Data excerpt:
══════════
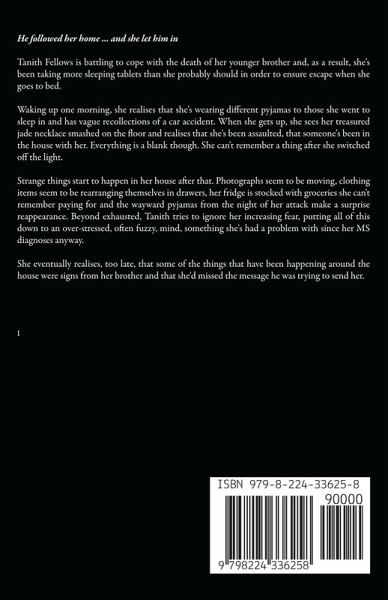 He followed her home ... and she let him in Tanith Fellows is battling to cope with the death of her younger brother and, as a result, she's been taking more sleeping tablets than she probably should in order to ensure escape when she goes to bed. Waking up one morning, she realises that she's wearing different pyjamas to those she went to sleep in and has vague recollections of a car accident. When she gets up, she sees her treasured jade necklace smashed on the floor and realises that she's been assaulted, that someone's been in the house with her. Everything is a blank though. She can't remember a thing after she switched off the light. Strange things start to happen in her house after that. Photographs seem to be moving, clothing items seem to be rearranging themselves in drawers, her fridge is stocked with groceries she can't remember paying for and the wayward pyjamas from the night of her attack make a surprise reappearance. Beyond exhausted, Tanith tries to ignore her increasing fear, putting all of this down to an over-stressed, often fuzzy, mind, something she's had a problem with since her MS diagnoses anyway. She eventually realises, too late, that some of the things that have been happening around the house were signs from her brother and that she'd missed the message he was trying to send her.
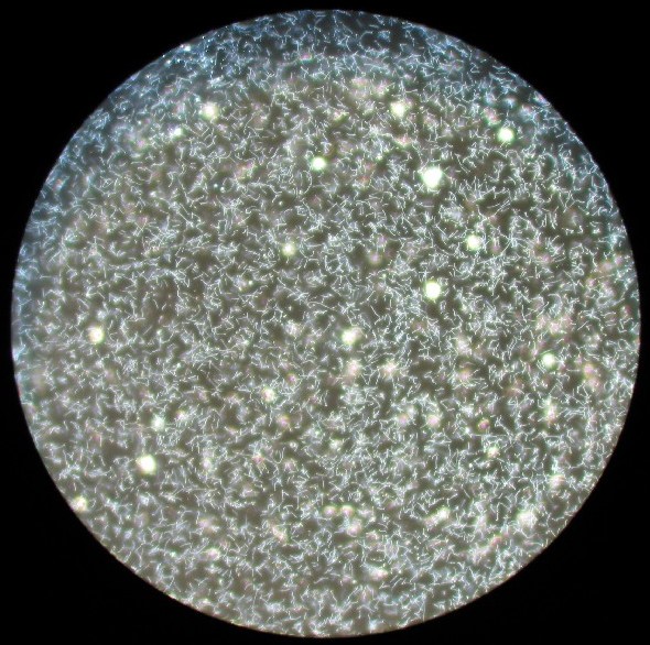 암시야 현미경으로 200배 확대된 ''렙토스피라''.
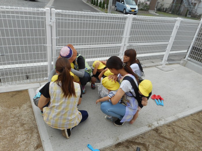 避難訓練をしました。 保育者の「地震だー!!」の声に素早く反応した子ども達!! 急いで保育者の元に駆け寄り、頭を守りました。
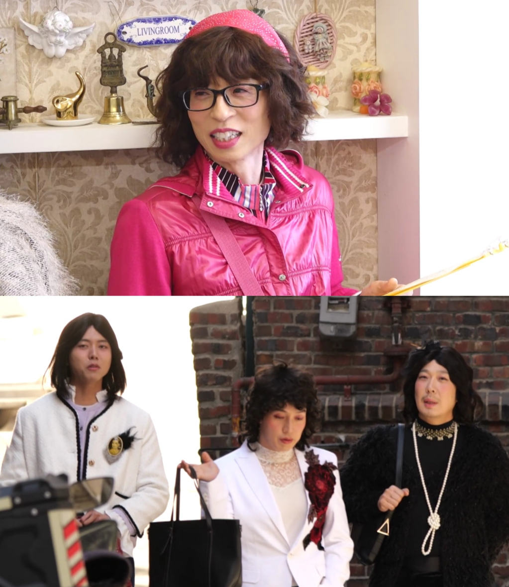 공개된 사진에는 오랜만에 여장을 하고 '유제니'로 나선 유재석의 모습이 담겼다. 강렬한 핫핑크색으로 의상부터 메이크업까지 깔맞춤한 유제니의 출격이 기대를 높인다. 하하는 마음만은 아직 소녀인 '융드욕정', 허경환은 가슴이 뛰는 '화니 엄마', 주우재는 발차기를 잘하는 '장훈 엄마'로 곱게 꽃단장을 하고 나타나 눈길을 끈다.
══════════
Task statement:
Would you return the data above exactly as written, minus the images?

Written answer:
 He followed her home ... and she let him in Tanith Fellows is battling to cope with the death of her younger brother and, as a result, she's been taking more sleeping tablets than she probably should in order to ensure escape when she goes to bed. Waking up one morning, she realises that she's wearing different pyjamas to those she went to sleep in and has vague recollections of a car accident. When she gets up, she sees her treasured jade necklace smashed on the floor and realises that she's been assaulted, that someone's been in the house with her. Everything is a blank though. She can't remember a thing after she switched off the light. Strange things start to happen in her house after that. Photographs seem to be moving, clothing items seem to be rearranging themselves in drawers, her fridge is stocked with groceries she can't remember paying for and the wayward pyjamas from the night of her attack make a surprise reappearance. Beyond exhausted, Tanith tries to ignore her increasing fear, putting all of this down to an over-stressed, often fuzzy, mind, something she's had a problem with since her MS diagnoses anyway. She eventually realises, too late, that some of the things that have been happening around the house were signs from her brother and that she'd missed the message he was trying to send her.
 암시야 현미경으로 200배 확대된 ''렙토스피라''.
 避難訓練をしました。 保育者の「地震だー!!」の声に素早く反応した子ども達!! 急いで保育者の元に駆け寄り、頭を守りました。
 공개된 사진에는 오랜만에 여장을 하고 '유제니'로 나선 유재석의 모습이 담겼다. 강렬한 핫핑크색으로 의상부터 메이크업까지 깔맞춤한 유제니의 출격이 기대를 높인다. 하하는 마음만은 아직 소녀인 '융드욕정', 허경환은 가슴이 뛰는 '화니 엄마', 주우재는 발차기를 잘하는 '장훈 엄마'로 곱게 꽃단장을 하고 나타나 눈길을 끈다.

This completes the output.